-- Task description --
Please give the data again in full, precisely as it is written.

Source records
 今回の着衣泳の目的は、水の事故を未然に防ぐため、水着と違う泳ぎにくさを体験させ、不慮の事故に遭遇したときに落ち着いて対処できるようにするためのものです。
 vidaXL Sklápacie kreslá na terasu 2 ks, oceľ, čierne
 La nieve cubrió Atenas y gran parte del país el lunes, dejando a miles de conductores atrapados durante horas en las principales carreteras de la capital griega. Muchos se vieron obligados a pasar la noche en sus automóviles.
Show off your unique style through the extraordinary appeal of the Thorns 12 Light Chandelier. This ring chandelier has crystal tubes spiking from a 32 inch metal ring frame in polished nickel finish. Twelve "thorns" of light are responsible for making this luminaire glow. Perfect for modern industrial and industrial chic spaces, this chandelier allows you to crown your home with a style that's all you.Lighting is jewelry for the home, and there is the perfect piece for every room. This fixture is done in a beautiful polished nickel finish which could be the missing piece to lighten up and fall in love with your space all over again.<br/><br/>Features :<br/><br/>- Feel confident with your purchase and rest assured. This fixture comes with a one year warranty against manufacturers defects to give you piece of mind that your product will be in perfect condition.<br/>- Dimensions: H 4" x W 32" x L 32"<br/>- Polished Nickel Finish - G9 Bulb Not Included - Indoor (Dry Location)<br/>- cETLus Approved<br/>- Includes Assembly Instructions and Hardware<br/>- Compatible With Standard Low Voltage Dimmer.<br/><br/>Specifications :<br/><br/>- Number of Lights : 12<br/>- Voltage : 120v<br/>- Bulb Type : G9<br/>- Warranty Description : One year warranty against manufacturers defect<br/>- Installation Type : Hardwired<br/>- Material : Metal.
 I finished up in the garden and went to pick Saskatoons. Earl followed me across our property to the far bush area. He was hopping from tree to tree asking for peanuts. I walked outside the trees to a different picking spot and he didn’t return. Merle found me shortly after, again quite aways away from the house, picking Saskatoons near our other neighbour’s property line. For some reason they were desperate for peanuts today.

-- Expected answer --
 今回の着衣泳の目的は、水の事故を未然に防ぐため、水着と違う泳ぎにくさを体験させ、不慮の事故に遭遇したときに落ち着いて対処できるようにするためのものです。
 vidaXL Sklápacie kreslá na terasu 2 ks, oceľ, čierne
 La nieve cubrió Atenas y gran parte del país el lunes, dejando a miles de conductores atrapados durante horas en las principales carreteras de la capital griega. Muchos se vieron obligados a pasar la noche en sus automóviles.
Show off your unique style through the extraordinary appeal of the Thorns 12 Light Chandelier. This ring chandelier has crystal tubes spiking from a 32 inch metal ring frame in polished nickel finish. Twelve "thorns" of light are responsible for making this luminaire glow. Perfect for modern industrial and industrial chic spaces, this chandelier allows you to crown your home with a style that's all you.Lighting is jewelry for the home, and there is the perfect piece for every room. This fixture is done in a beautiful polished nickel finish which could be the missing piece to lighten up and fall in love with your space all over again.<br/><br/>Features :<br/><br/>- Feel confident with your purchase and rest assured. This fixture comes with a one year warranty against manufacturers defects to give you piece of mind that your product will be in perfect condition.<br/>- Dimensions: H 4" x W 32" x L 32"<br/>- Polished Nickel Finish - G9 Bulb Not Included - Indoor (Dry Location)<br/>- cETLus Approved<br/>- Includes Assembly Instructions and Hardware<br/>- Compatible With Standard Low Voltage Dimmer.<br/><br/>Specifications :<br/><br/>- Number of Lights : 12<br/>- Voltage : 120v<br/>- Bulb Type : G9<br/>- Warranty Description : One year warranty against manufacturers defect<br/>- Installation Type : Hardwired<br/>- Material : Metal.
 I finished up in the garden and went to pick Saskatoons. Earl followed me across our property to the far bush area. He was hopping from tree to tree asking for peanuts. I walked outside the trees to a different picking spot and he didn’t return. Merle found me shortly after, again quite aways away from the house, picking Saskatoons near our other neighbour’s property line. For some reason they were desperate for peanuts today.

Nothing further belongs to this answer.